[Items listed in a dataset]

==========

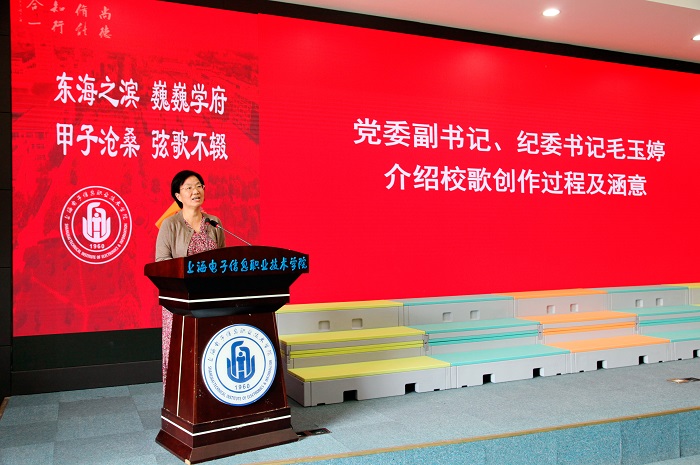 “阳光十月,东海之滨,白鹭飞舞,展翅长空。”发布活动中,栾文飞、杨奇两位老师朗诵了校歌歌词《美好的创造》。接着,党委副书记、纪委书记毛玉婷发布校歌《美好的创造》,介绍了校歌创作缘由、过程和词曲作者,她表示,校歌创作过程是一个厚积薄发的过程,也是一个着眼未来的过程。毛玉婷副书记对为校歌创作而倾情付出的领导、老师、专家表示衷心感谢,深情寄语:让校歌唱响在每个有电子信息人的地方,让“自强不息,开拓创新,砥砺前行,追求卓越”的学校精神通过校歌远播四方,鼓舞师生、校友、社会英才矢志不渝传承工匠精神,做新时代奋斗者,为实现中华民族伟大复兴而俯首为学,奋起追梦!
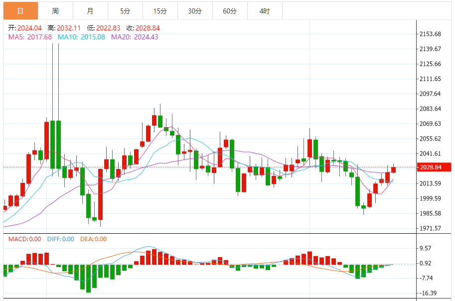 预计,今日金价交投将于支撑位2015.00美元/盎司以及阻力位2050.00美元/盎司之间。
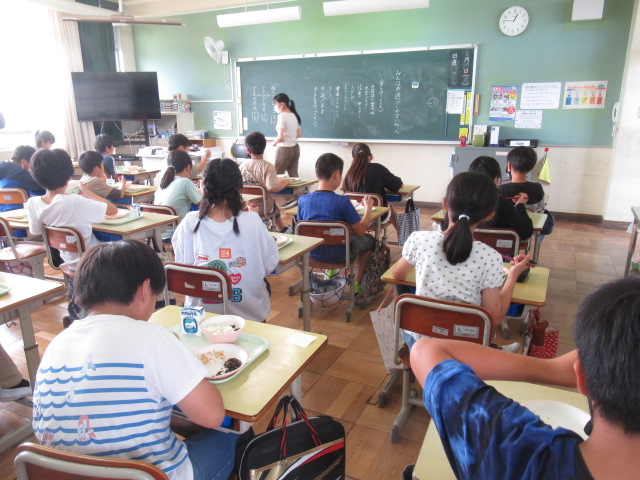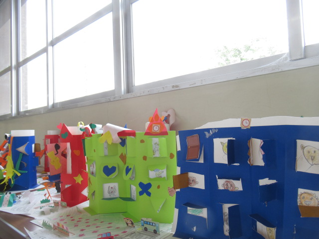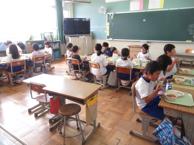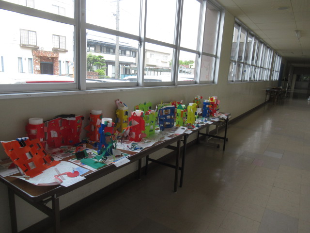 給食の時間の様子です。また図工で作った作品が並べられています。
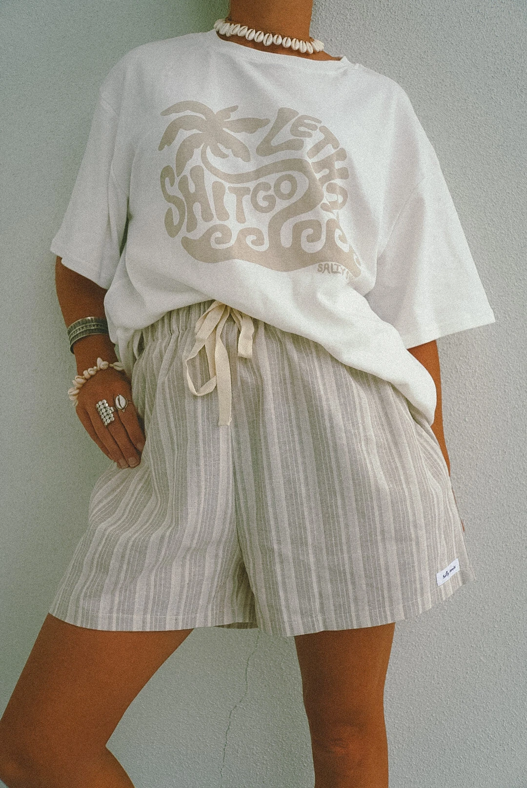 Casual , cool & comfort in our Salty Summer beach short. Designed with a cotton linen blend, thick but lightweight texture, perfect to dress up or down in with its super high waist and relaxed style.
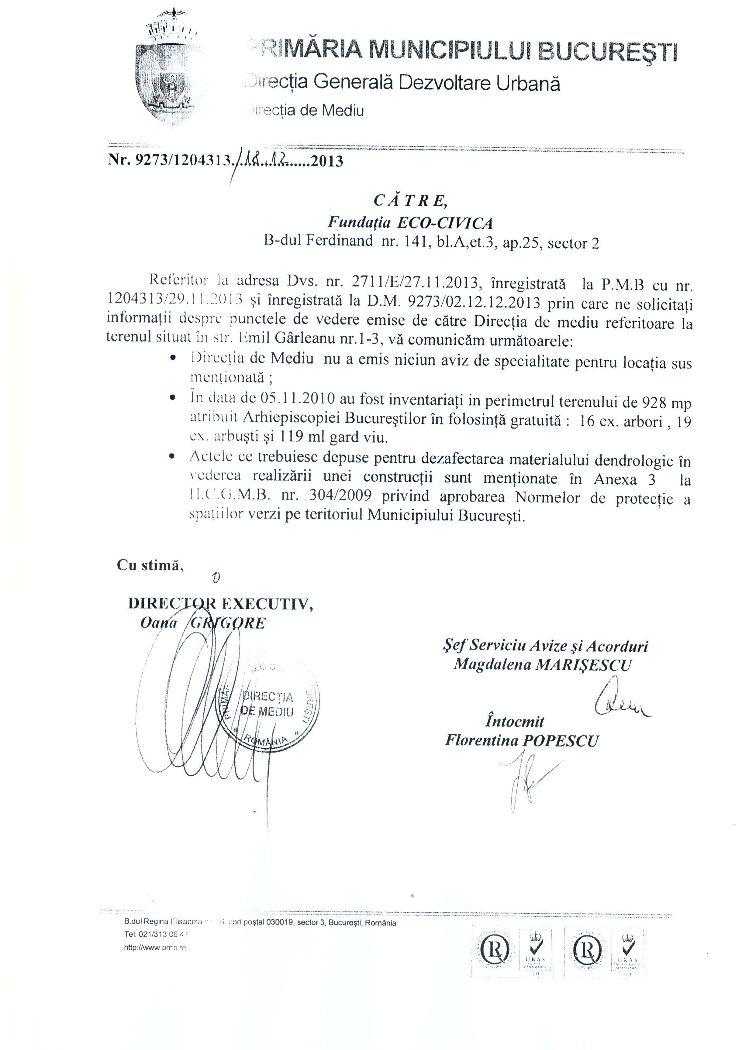 In urma actiunii unor necunoscuti de a defrisa terenul BOR-ului, la cererea Fundatiei Eco-Civica, Directia Dezvoltare Urbana a Primariei Municipiului Bucuresti a raspuns unei adrese oficiale prin care anunta ca Directia de Mediu nu a emis niciun aviz pentru terenul respectiv.
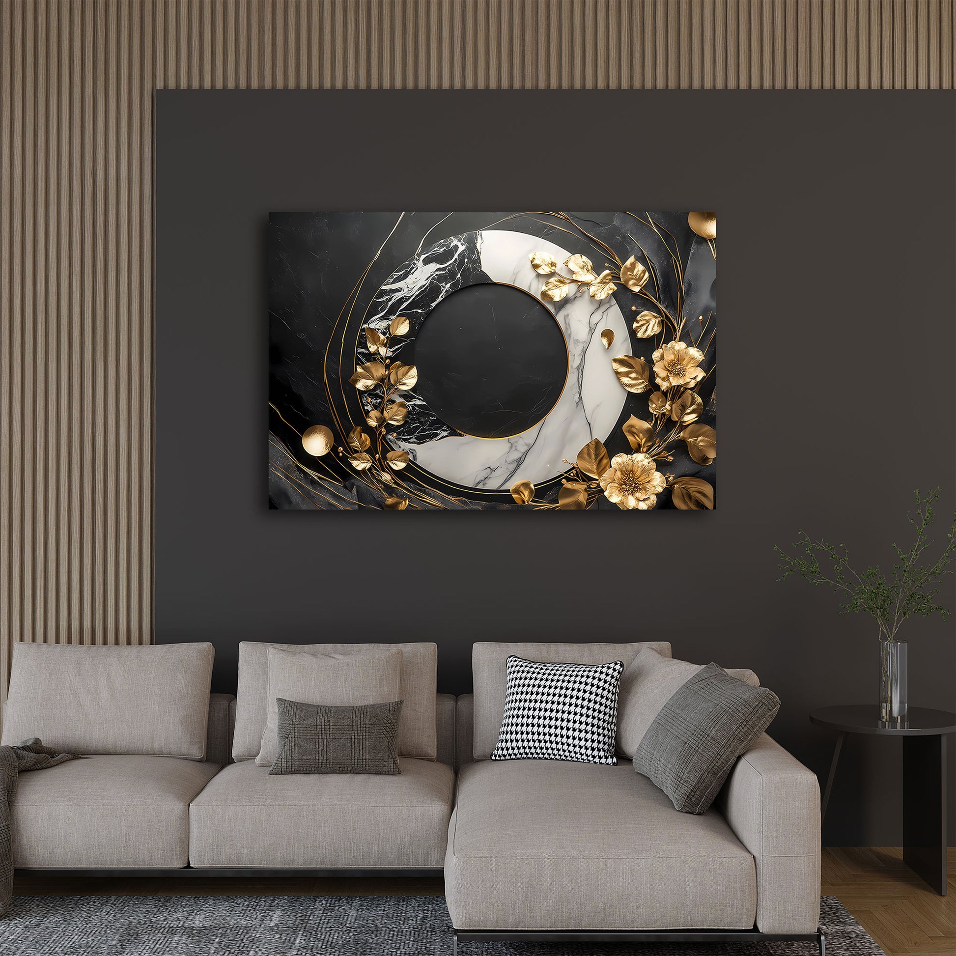 Marmoroptik mit goldenen Blüten und Struktur Wandbild
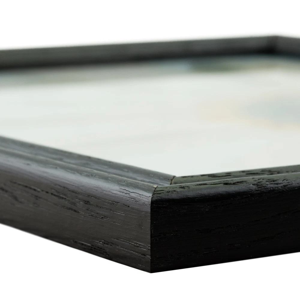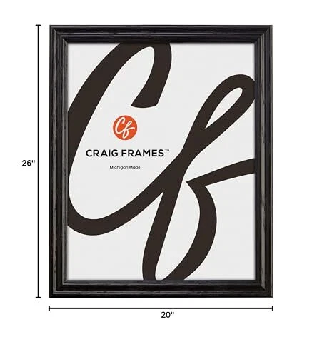 This simple black picture frame offers a winning combination of quality, finish and affordability. The Wiltshire ash frame series are constructed from North American ash trees. This .75" moulding—finished with semi-gloss Ebony stain—showcases wood grain patterns unique with each frame. The traditional styling of the Wiltshire ash is ideal for a wide range of prints and decor. Traditional style; shiny black with wood grain finish Frame includes: white mat, acrylic facing, cardboard backing and hanging kit. Assembly required Matted frame is designed to display a 14x20 print. Actual mat opening is 13.5x19.5. Frame will display a 19x25 print without the matting. Frame moulding is 0.75 inch wide; solid Ash wood Frame is designed for WALL HANGING only (hardware allows for portrait or landscape orientation)
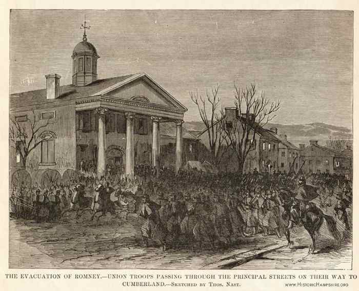 We then fell back to the South Green Spring Run. The next Friday we were ordered to journey a distance of 18 miles. We performed the journey in 7 hours carrying heavy knapsacks and three days rations besides 40 rounds of cartridges, I never was so completely exhausted in my life. Romney’s the county seat of Hampshire County, Western Virginia. It has been held alternately by both armies. Although beautifully located and well laid out and adorned with many fine buildings, it is in ruins a great deal of it. The jail is a mass of ruins. The court house—a fine building—has been used as a stable for cavalry horses. Also a fine church. I shall always regret that I did not pay it a visit and obtain some old relic. There are bushels of documents (so the boys say) on the floor in one room. Some of them date back to the time of George the Second—over two hundred years old.
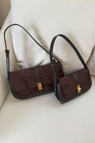 The deep walnut shade of the suede stands out in this unique combination of two materials.
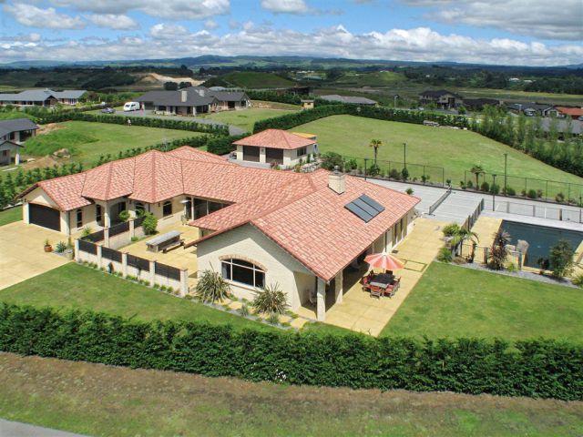 Teens can play loud music in their entertainment room at the end of their own three bedroom wing while you entertain at the other end of your home in massive living areas open all sides to enclosed courtyard, covered patio, the beautiful pool complex and floodlit tennis court.

==========

WHAT YOU SHOULD DO ->
Starting with the line that has "給食の時間の様子です。また図工で作った作品が並べられています。" and going on through the line that has "Casual , cool", transcribe the records above exactly, but skip the pictures.

SOLUTION TO THE PROBLEM ->
 給食の時間の様子です。また図工で作った作品が並べられています。
 Casual , cool & comfort in our Salty Summer beach short. Designed with a cotton linen blend, thick but lightweight texture, perfect to dress up or down in with its super high waist and relaxed style.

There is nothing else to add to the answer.